Plea deal OK'd in Ala. tax official's ethics case
ALBERTVILLE, Ala. (AP) - A judge reluctantly let a former tax official plead guilty to a misdemeanor charge and avoid jail time Monday despite lingering questions over millions of dollars in property tax errors in a north Alabama county.
Circuit Judge Howard Hawk approved a deal in which former Marshall County Revenue Commissioner Joey Masters pleaded guilty to a state ethics charge that accused him of taking an unspecified amount of money from an office account.
A state audit found $17 million errors in tax assessments under Masters and a separate taxpayer lawsuit accuses him of reducing assessments for relatives and friends by as much as $20 million. However, Assistant Attorney General Bill Lisenby Jr. outlined only $740 in office funds that Masters admitted taking from a cash drawer and then repaying in 2012.
Under questioning from Hawk, Lisenby said prosecutors couldn't prove any crime involving the broader allegations of bogus or mistaken tax assessments totaling in the millions.
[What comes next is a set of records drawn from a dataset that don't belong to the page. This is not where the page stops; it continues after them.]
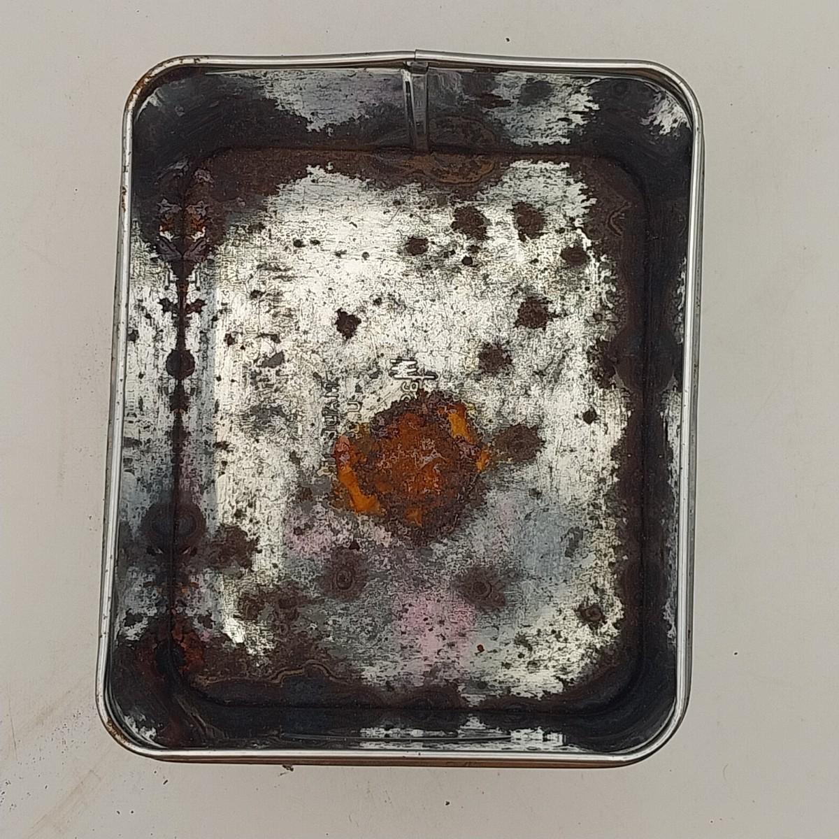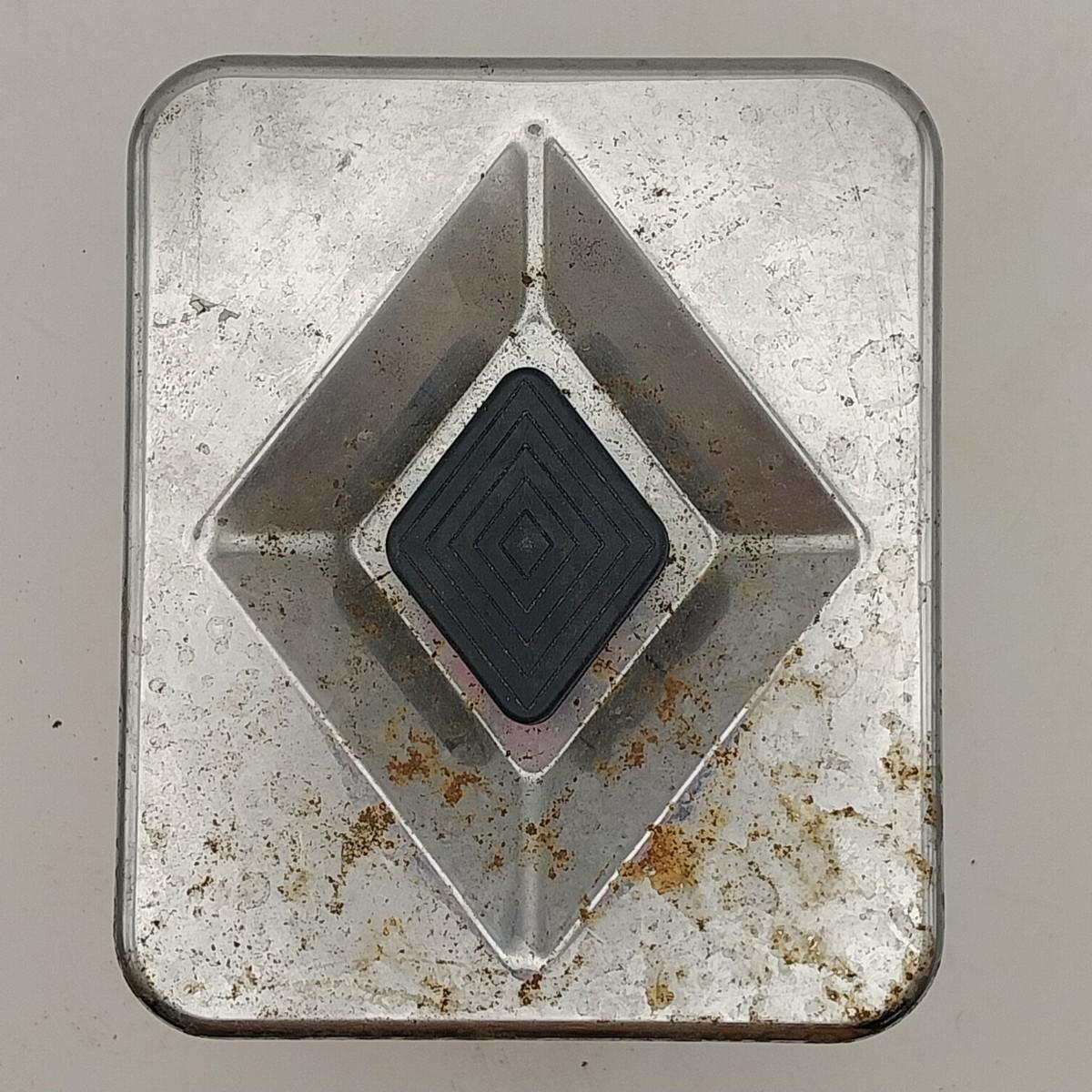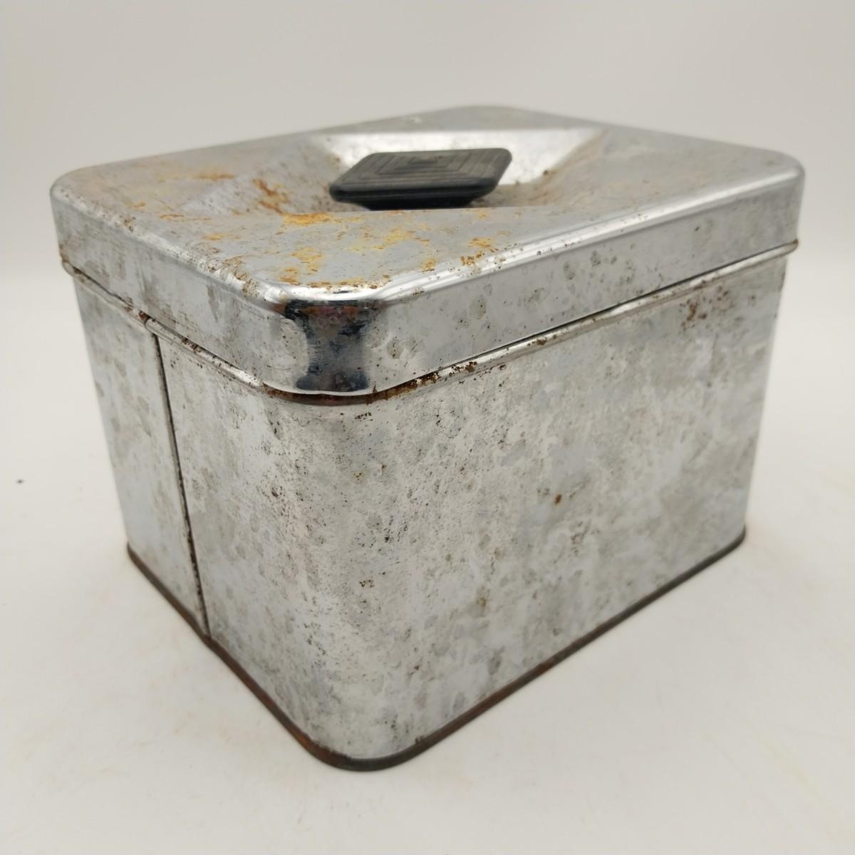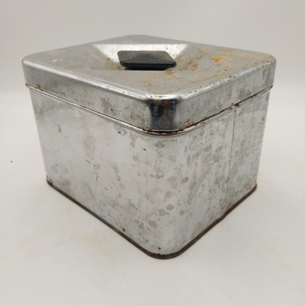 Tapered Round Aluminum tea canister with black plastic lid, approximately 5 wide x 6 inches. Kromex mark.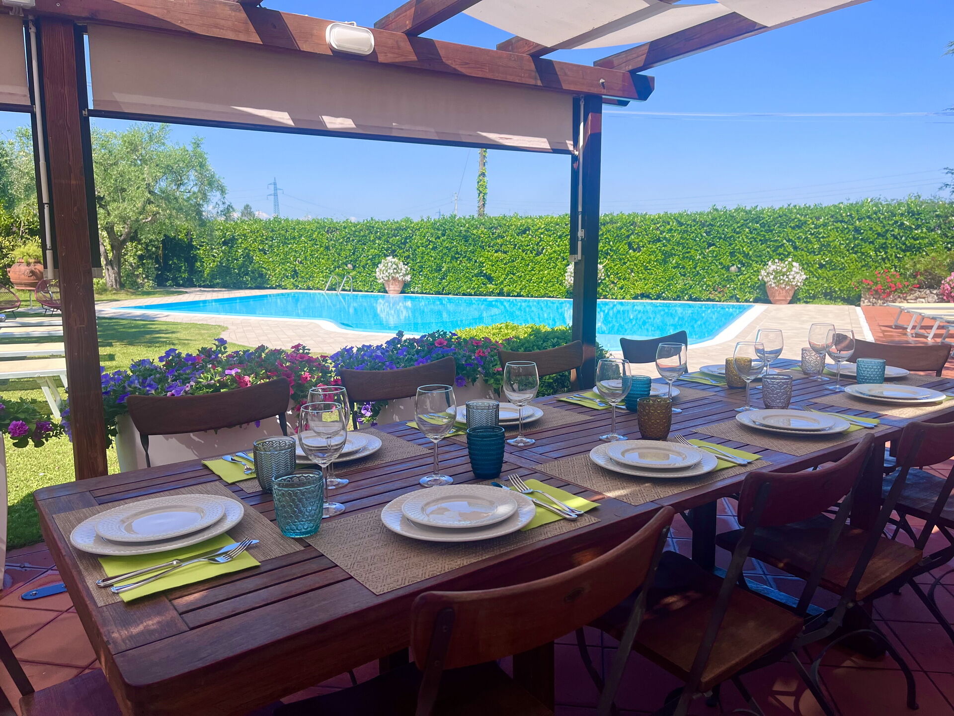 Une fois arrivés à Villapronti vous trouverez une jolie propriété, propre et bien entretenue, idéale pour des vacances calmes en Émilie Romagne. Peu importe comment vous passez vos journées... visites, shopping, visites de musées ou tout simplement en vous baladant à la campagne, quand vous arrivez à la maison, vous pouvez vous délasser à la piscine avec votre famille et vos amis et conclure au mieux un autre jour de vacances en Émilie Romagne. Pour votre plaisir, sur le terrain il y a un barbecue et une terrasse. Dîner avec les amis et la famille est une importante partie de la culture italienne. Profitez de la cuisine bien équipée pour préparer les repas avec des produits locaux pendant vos vacances. La cuisine comprend machine à café, four micro-onde, grille-pain et réfrigérateur, ainsi que, abondance de vaisselle et couverts pour un maximum de dix personnes. Dînez «al fresco» comme un vrai italien, la véranda complètement équipée est le cadre parfait pour apprécier la cuisine, s'amuser en famille, et profiter du jolie beau temps italien.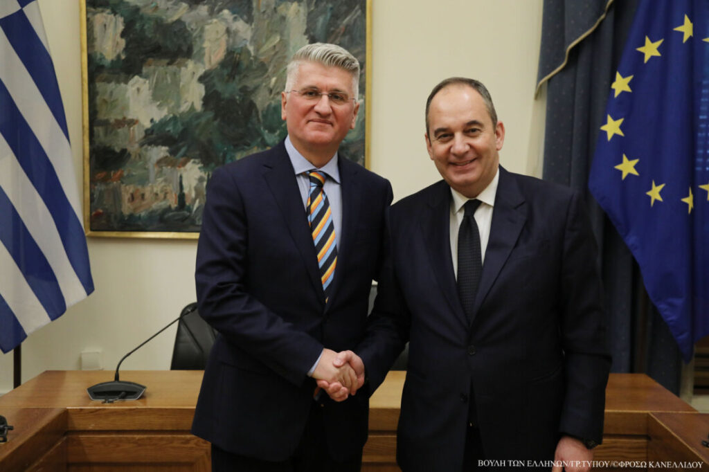 Για την δυνατότητα βελτίωσης του κλίματος μεταξύ Ελλάδος και Αλβανίας, τη λήψη μέτρων για εξασφάλιση των δικαιωμάτων της ελληνικής εθνικής μειονότητας, το σεβασμό στις αρχές του κράτους δικαίου και των ανθρωπίνων δικαιωμάτων, καθώς και την αποφυγή οποιασδήποτε υποκίνησης εχθρικών αισθημάτων μεταξύ των δυο λαών, έκανε λόγο, μεταξύ άλλων, ο Α ´ Αντιπρόεδρος της Βουλής, κ. Ιωάννης Πλακιωτάκης σε συνάντηση, που είχε με τον Αντιπρόεδρο του Κοινοβουλίου της Αλβανίας, κ. Agron Gjekmarkaj.

"I'm somewhat staggered by you saying `This is it,' but if you say `This is it,' I'm taking your word for it," said Hawk.
Lisenby said problems uncovered in state audits do not always involve crimes, which have a higher standard of proof.
The judge previously refused to accept Masters' guilty plea, saying he wanted to know exactly what the charges involved.
Masters, 51, must pay a fine and assessment of $1,100 plus court costs; perform 200 hours of community service; and spend two years on probation. He declined comment after the hearing.
Masters served as Marshall County's tax assessor during much of the 1990s, and he was first elected revenue commissioner in 2002 after voters decided to create the position by combining the posts of tax assessor and tax collector. Last elected to a six-year term in 2008, Masters' term would have expired this year.
Masters, a Democrat turned Republican, resigned when he was indicted in November. He retains his state pension, voting rights and ability to seek office again because the charge wasn't a felony.
Outside court, defense attorney Dan Warnes said no one knows exactly how much Masters used from the office cash drawer because no one kept a record and he took money from the fund multiple times.
Warnes said Masters never tried to hide what he was doing and repaid every penny, making it impossible for prosecutors to prove he had intent to commit a crime.
"That is why it was a misdemeanor," he said.
With the criminal case finished, a civil lawsuit accusing Masters of costing the county as much as $20 million in revenues through improper tax assessments can move forward, said Randy Beard, an attorney who sued on behalf of a taxpayer.
The lawsuit claims Masters purposely decreased the values of hundreds of pieces of property to reduce the tax bills of friends, political allies, relatives and influential citizens while serving as revenue commissioner.
County Commission Chairman James Hutcheson has denied that Masters' actions cost taxpayers anything close to $20 million since the total budget in the rural county of 95,000 people is less than $23 million.
"The county couldn't survive if those numbers were real," Hutcheson said in an interview last month.